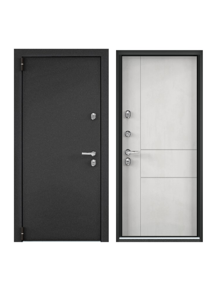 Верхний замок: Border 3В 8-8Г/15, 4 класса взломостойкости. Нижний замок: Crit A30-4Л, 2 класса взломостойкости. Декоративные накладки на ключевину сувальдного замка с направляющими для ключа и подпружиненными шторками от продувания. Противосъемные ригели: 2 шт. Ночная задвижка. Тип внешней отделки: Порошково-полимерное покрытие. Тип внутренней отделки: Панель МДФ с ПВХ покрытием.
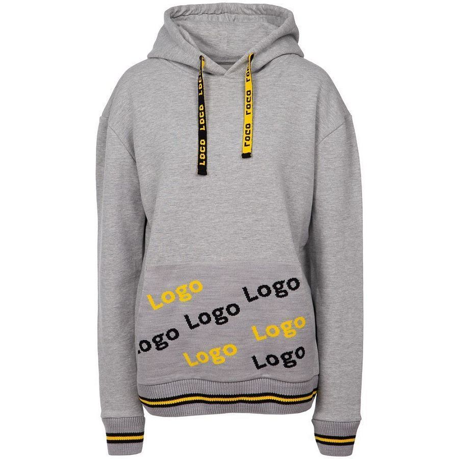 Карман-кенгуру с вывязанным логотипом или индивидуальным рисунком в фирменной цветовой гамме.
+ + +
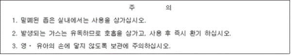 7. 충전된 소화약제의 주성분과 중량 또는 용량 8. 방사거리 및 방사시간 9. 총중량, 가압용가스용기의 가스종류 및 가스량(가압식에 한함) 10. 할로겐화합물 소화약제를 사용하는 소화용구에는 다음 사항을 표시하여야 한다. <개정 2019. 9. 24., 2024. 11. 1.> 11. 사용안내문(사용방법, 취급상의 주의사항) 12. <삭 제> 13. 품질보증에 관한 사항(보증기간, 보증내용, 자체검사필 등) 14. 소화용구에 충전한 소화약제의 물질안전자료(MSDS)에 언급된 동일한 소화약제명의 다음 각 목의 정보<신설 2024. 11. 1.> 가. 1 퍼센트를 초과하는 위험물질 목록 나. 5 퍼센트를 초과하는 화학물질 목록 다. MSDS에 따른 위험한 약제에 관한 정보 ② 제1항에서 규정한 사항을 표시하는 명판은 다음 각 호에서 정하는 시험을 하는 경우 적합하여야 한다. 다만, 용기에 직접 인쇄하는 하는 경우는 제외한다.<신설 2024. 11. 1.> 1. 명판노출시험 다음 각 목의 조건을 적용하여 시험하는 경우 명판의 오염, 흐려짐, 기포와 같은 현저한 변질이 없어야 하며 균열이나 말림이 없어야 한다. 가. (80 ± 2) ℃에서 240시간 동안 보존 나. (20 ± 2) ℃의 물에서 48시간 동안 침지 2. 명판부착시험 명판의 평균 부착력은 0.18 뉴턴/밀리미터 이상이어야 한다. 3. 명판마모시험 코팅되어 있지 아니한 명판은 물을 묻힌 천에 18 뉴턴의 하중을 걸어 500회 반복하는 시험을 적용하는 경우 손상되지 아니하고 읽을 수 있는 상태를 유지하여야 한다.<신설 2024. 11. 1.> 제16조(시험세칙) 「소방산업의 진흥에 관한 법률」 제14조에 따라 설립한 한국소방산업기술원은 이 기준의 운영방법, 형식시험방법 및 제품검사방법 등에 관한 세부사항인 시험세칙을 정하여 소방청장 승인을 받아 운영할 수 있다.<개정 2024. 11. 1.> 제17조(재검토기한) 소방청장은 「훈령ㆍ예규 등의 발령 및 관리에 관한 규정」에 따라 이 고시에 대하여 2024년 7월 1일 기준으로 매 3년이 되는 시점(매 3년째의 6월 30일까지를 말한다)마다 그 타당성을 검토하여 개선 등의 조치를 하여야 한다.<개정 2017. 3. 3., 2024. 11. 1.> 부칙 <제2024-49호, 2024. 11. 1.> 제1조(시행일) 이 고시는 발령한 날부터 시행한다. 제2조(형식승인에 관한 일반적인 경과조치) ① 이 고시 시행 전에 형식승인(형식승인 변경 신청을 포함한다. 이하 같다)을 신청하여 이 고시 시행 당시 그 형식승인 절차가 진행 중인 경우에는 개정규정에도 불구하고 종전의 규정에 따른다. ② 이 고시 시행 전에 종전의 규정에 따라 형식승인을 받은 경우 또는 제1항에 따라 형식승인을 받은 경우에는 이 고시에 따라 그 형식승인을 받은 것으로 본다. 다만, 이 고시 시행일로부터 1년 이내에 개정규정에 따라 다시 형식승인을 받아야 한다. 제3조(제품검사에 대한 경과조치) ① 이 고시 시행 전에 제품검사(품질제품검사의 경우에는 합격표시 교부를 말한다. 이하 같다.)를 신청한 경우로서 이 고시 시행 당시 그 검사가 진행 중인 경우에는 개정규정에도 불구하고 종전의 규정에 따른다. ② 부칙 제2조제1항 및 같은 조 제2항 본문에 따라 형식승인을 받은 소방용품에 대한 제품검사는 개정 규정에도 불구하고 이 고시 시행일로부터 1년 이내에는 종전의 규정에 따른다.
+ + +
• THE PROBLEM: From the listing above, repeat only the lines between the line containing "Верхний замок: Border" and the line containing "Карман-кенгуру с вывязанным", those two included. Pictures are not part of the copy.

• EXPECTED ANSWER:
 Верхний замок: Border 3В 8-8Г/15, 4 класса взломостойкости. Нижний замок: Crit A30-4Л, 2 класса взломостойкости. Декоративные накладки на ключевину сувальдного замка с направляющими для ключа и подпружиненными шторками от продувания. Противосъемные ригели: 2 шт. Ночная задвижка. Тип внешней отделки: Порошково-полимерное покрытие. Тип внутренней отделки: Панель МДФ с ПВХ покрытием.
 Карман-кенгуру с вывязанным логотипом или индивидуальным рисунком в фирменной цветовой гамме.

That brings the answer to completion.